CAPM-Q5. The average degree of risk aversion in the market is \(\bar A = 2.5\) and the variance of the market portfolio is \(\sigma^2_M = 0.04\). Using \(Er_M - r_f = \bar A \sigma^2_M\), compute the equilibrium market risk premium. If the risk-free rate is \(r_f = 0.03\), what is the expected return on the market portfolio \(Er_M\)?
CAPM-Q6. In equilibrium the market risk premium is observed to be \(Er_M - r_f = 0.06\) and the variance of the market is \(\sigma^2_M = 0.05\). Using the relation \(Er_M - r_f = \bar A \sigma^2_M\), solve for the implied average degree of risk aversion \(\bar A\) in the market.
CAPM-Q7. An investor with risk-aversion coefficient \(A = 3\) faces a market with risk premium \(Er_M - r_f = 0.07\) and variance \(\sigma^2_M = 0.04\). Using the individual demand rule \(y = (Er_M - r_f)/(A\sigma^2_M)\), compute the fraction \(y\) of wealth this investor places in the risky market portfolio. Is she a net borrower or lender at the risk-free rate?
CAPM-Q8. Using the demand rule \(y = (Er_M - r_f)/(A\sigma^2_M)\) with a market risk premium of \(Er_M - r_f = 0.05\) and market variance \(\sigma^2_M = 0.025\), find the risk-aversion coefficient \(A\) of an investor who chooses to hold exactly \(y = 1\) (all wealth in the market and nothing in the risk-free asset). Interpret how this value relates to the average risk aversion \(\bar A\) in equilibrium.
CAPM-Q9. An asset has \(\beta_i = 1.2\), and the market has variance \(\sigma^2_M = 0.05\). The idiosyncratic variance of the asset is \(\sigma^2_{\epsilon_i} = 0.02\). Using the decomposition \(\sigma^2_i = \beta_i^2 \sigma^2_M + \sigma^2_{\epsilon_i}\), compute the asset’s total variance \(\sigma^2_i\) and its total standard deviation \(\sigma_i\). What fraction of the total variance is systematic?
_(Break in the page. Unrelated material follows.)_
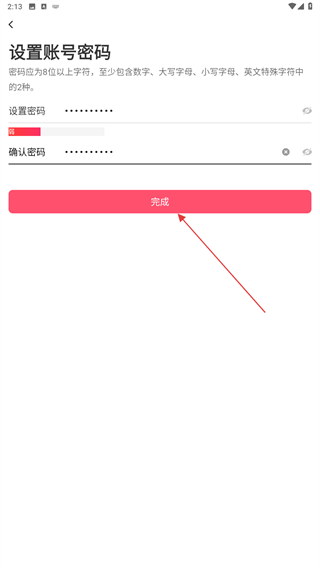 5、進(jìn)入到最后一步,設(shè)置賬號(hào)密碼,再點(diǎn)擊完成的按鈕即可。
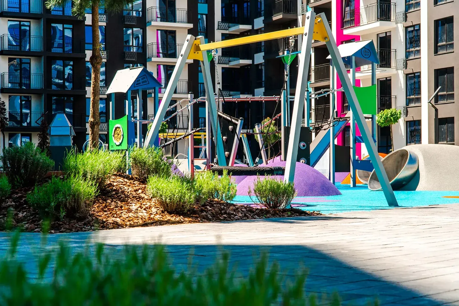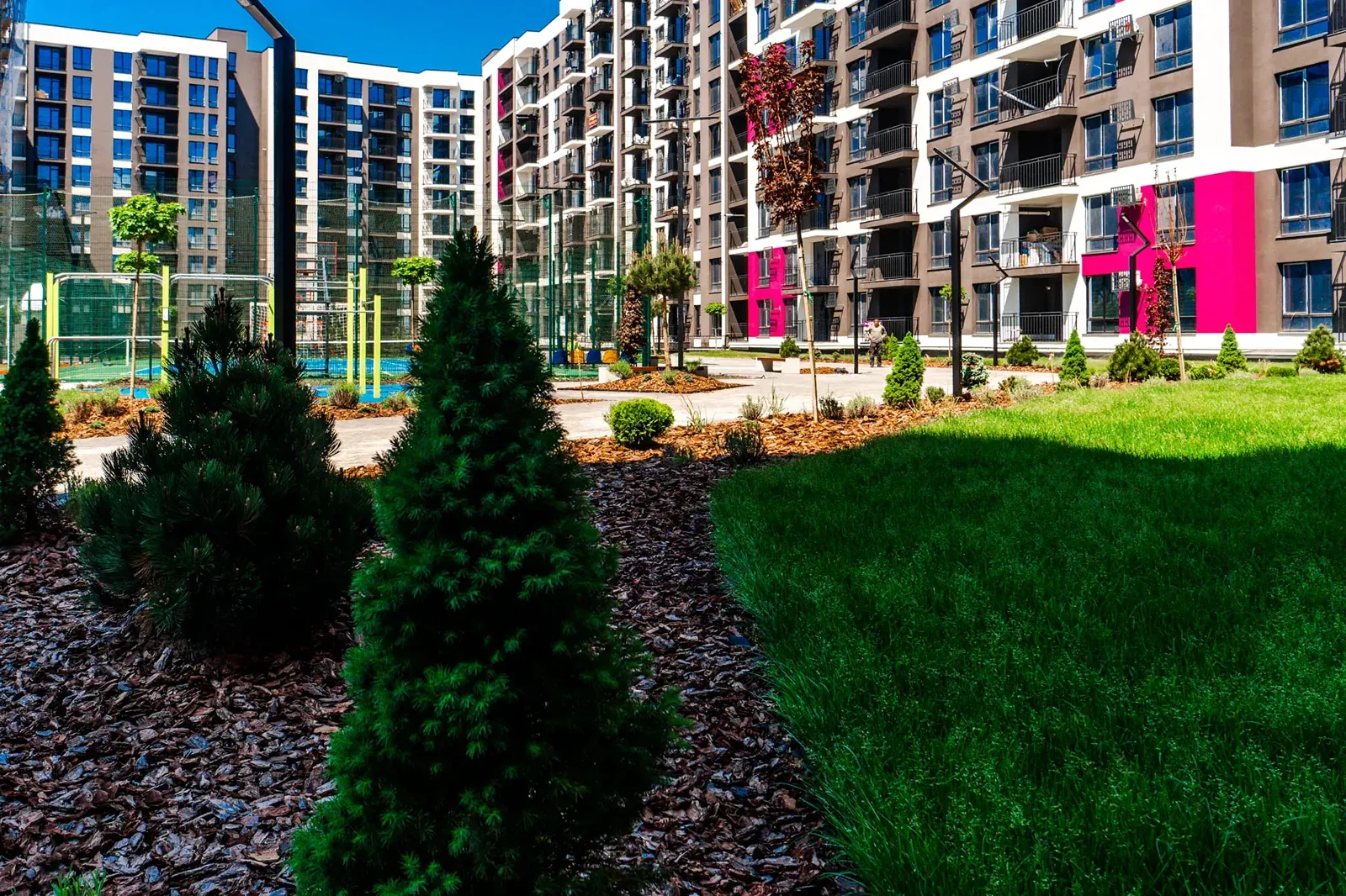 Великий внутрішній двір з дитячими, спортивними майданчиками, ландшафтним дизайном та відпочинковими зонами.

CAPM-Q10. A stock has total variance \(\sigma^2_i = 0.10\) and beta \(\beta_i = 0.8\). The market variance is \(\sigma^2_M = 0.045\). Using the variance decomposition \(\sigma^2_i = \beta_i^2 \sigma^2_M + \sigma^2_{\epsilon_i}\), solve for the stock’s idiosyncratic variance \(\sigma^2_{\epsilon_i}\), and compute the systematic share of total variance.